::: PROVIDED MATERIAL

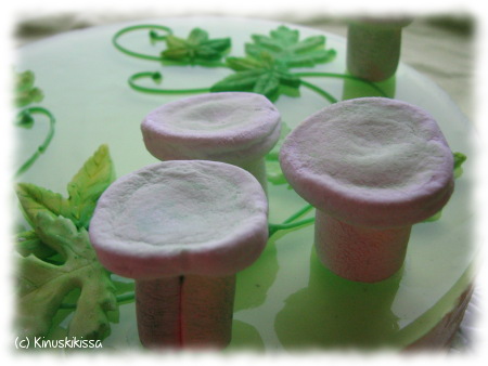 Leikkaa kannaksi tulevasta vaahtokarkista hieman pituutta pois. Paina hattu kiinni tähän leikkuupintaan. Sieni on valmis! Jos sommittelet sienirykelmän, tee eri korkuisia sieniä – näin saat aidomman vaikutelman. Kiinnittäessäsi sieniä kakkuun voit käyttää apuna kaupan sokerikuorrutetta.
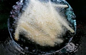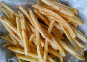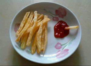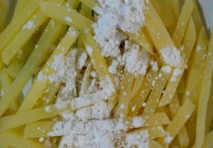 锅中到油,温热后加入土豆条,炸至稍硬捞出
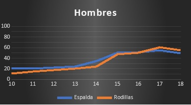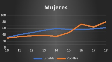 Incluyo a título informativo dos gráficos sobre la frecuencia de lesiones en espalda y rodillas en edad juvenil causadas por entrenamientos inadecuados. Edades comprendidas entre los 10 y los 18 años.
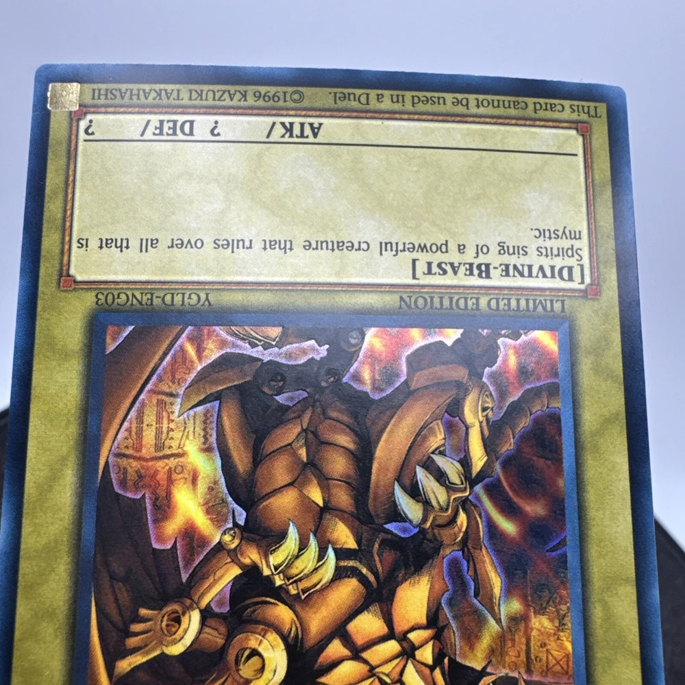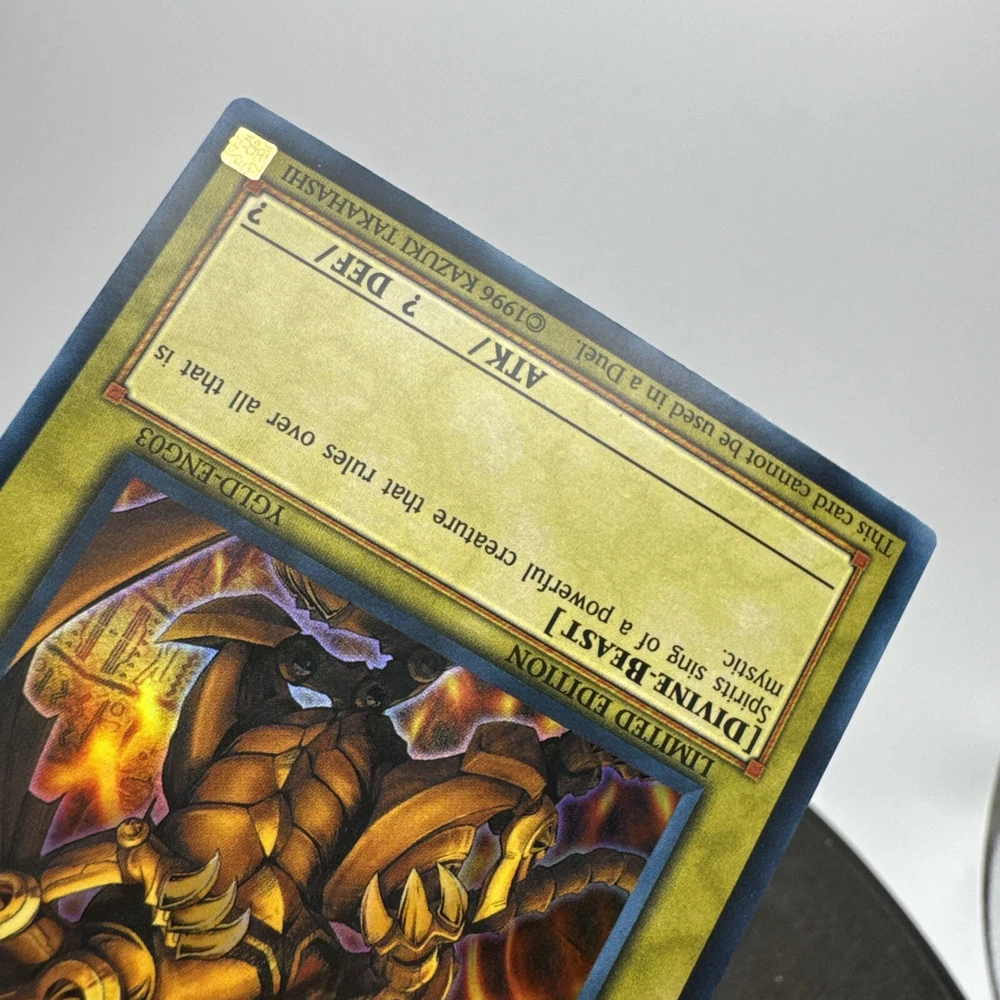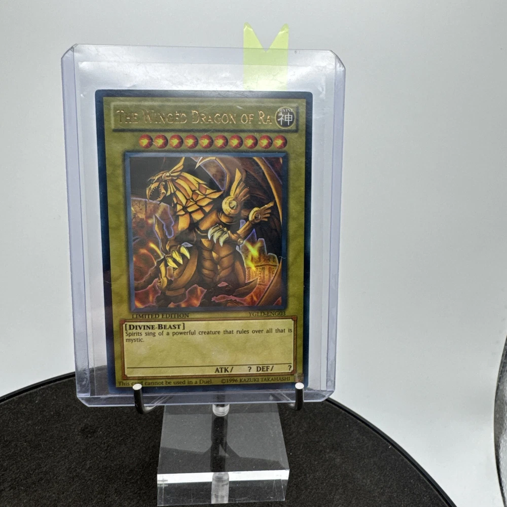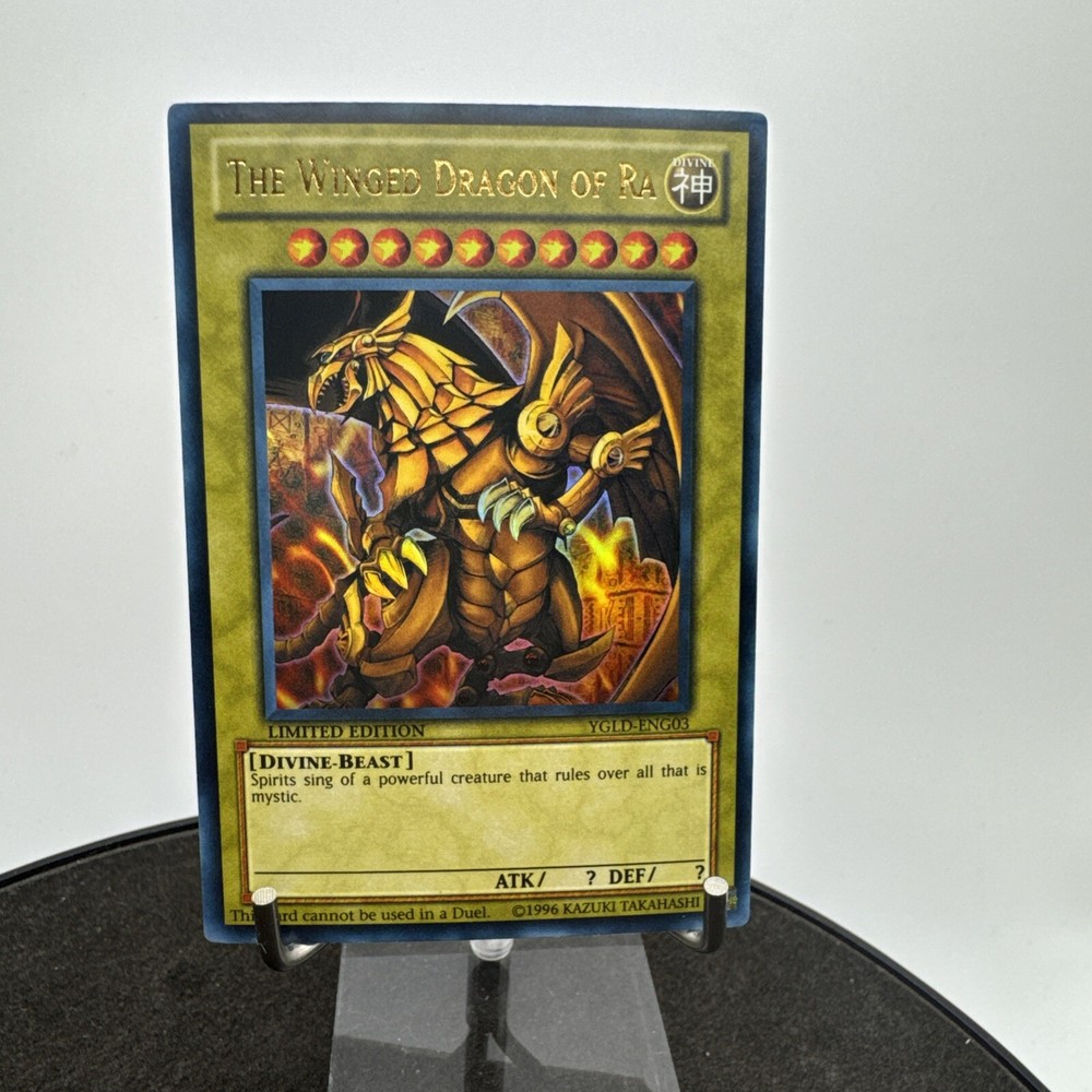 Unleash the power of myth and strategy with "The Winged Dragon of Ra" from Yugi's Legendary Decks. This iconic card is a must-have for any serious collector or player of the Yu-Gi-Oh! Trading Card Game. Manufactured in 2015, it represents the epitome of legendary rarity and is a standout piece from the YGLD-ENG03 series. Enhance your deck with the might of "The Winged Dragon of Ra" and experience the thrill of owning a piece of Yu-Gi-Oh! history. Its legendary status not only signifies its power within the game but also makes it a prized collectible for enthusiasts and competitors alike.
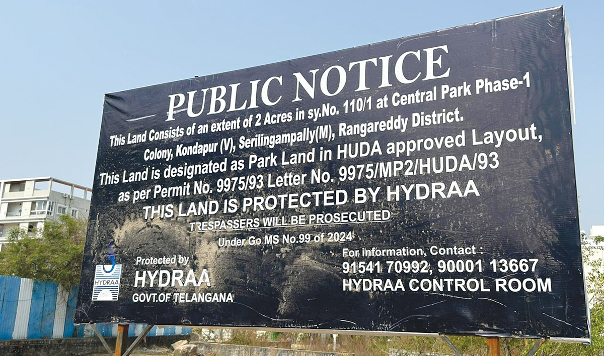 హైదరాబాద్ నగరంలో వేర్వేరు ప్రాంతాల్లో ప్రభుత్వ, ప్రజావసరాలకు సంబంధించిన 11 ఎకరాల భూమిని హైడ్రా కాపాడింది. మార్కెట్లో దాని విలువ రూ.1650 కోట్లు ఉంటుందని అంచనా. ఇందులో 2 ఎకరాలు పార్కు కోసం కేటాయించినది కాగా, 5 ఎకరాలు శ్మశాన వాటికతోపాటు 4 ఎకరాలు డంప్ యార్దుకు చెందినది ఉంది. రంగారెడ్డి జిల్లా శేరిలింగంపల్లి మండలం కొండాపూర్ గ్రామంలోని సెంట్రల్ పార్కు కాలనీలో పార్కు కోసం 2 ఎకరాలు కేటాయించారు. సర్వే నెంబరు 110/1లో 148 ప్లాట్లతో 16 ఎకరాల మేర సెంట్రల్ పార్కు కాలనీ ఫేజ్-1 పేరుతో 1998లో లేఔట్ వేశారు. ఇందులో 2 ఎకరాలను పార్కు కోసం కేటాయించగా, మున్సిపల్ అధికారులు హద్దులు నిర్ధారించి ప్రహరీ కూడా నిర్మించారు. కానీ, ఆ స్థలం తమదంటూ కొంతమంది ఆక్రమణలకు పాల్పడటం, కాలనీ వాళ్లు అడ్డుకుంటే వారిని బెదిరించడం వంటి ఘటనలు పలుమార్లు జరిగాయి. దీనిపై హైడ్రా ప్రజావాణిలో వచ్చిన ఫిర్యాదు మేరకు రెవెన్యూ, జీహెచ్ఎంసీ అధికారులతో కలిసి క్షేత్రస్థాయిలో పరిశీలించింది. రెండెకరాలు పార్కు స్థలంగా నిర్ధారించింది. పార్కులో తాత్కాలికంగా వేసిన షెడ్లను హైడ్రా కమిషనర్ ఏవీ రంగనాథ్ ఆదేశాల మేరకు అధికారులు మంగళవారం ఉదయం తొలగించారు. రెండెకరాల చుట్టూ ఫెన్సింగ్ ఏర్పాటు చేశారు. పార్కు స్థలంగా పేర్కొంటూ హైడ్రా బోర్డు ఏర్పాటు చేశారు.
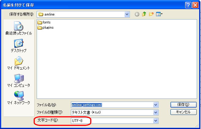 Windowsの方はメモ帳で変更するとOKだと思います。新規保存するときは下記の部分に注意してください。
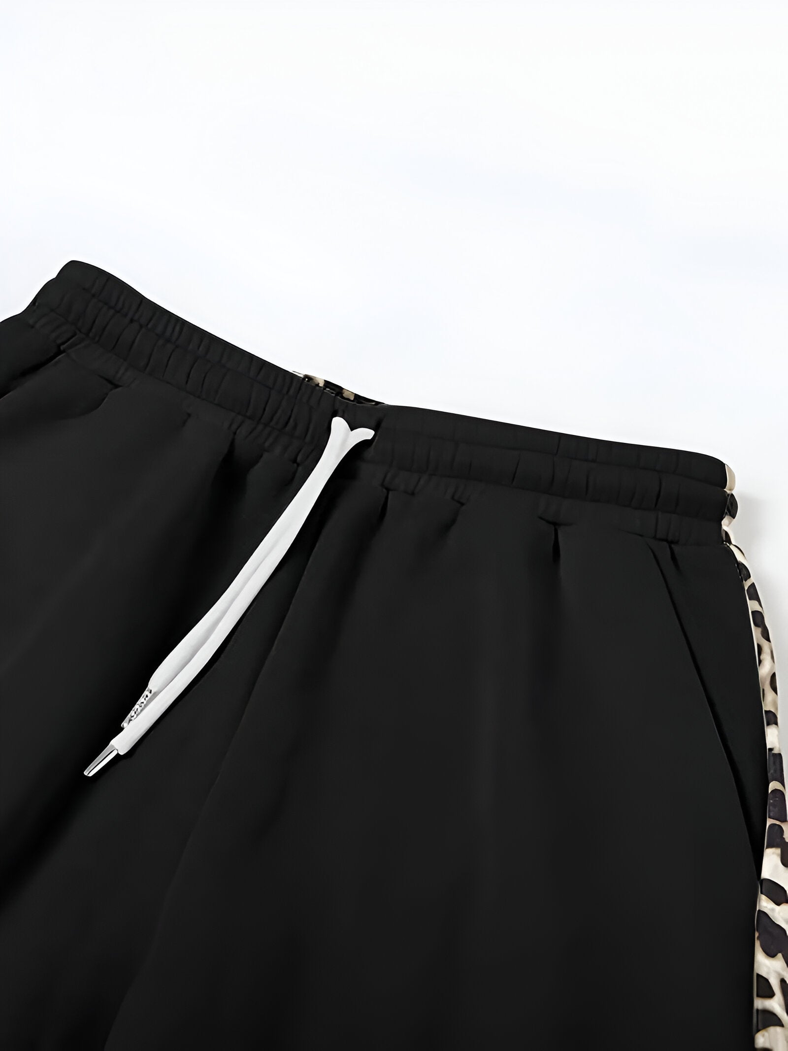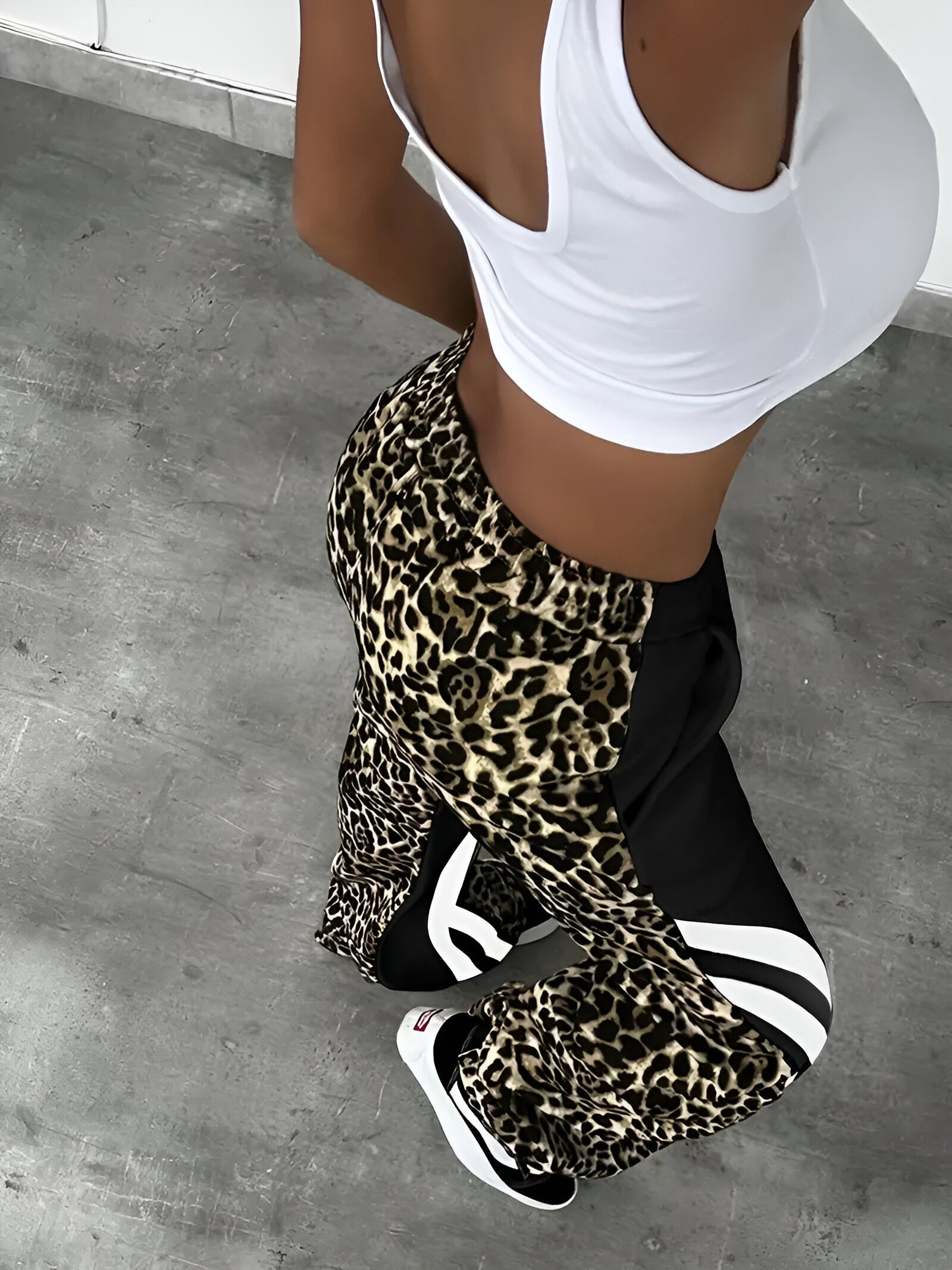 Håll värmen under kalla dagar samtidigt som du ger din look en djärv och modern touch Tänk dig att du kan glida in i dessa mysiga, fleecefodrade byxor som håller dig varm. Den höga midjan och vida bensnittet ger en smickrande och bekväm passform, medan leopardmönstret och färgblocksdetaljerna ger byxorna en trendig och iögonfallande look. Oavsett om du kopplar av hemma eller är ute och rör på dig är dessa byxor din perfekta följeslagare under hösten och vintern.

::::::

> _WHAT THE EXERCISE ASKS_:
Starting with the first line of the records above and stopping after the line containing "锅中到油,温热后加入土豆条,炸至稍硬捞出", repeat every line exactly and leave out the pictures.

> _THE COMPLETED TASK_:
 Leikkaa kannaksi tulevasta vaahtokarkista hieman pituutta pois. Paina hattu kiinni tähän leikkuupintaan. Sieni on valmis! Jos sommittelet sienirykelmän, tee eri korkuisia sieniä – näin saat aidomman vaikutelman. Kiinnittäessäsi sieniä kakkuun voit käyttää apuna kaupan sokerikuorrutetta.
 锅中到油,温热后加入土豆条,炸至稍硬捞出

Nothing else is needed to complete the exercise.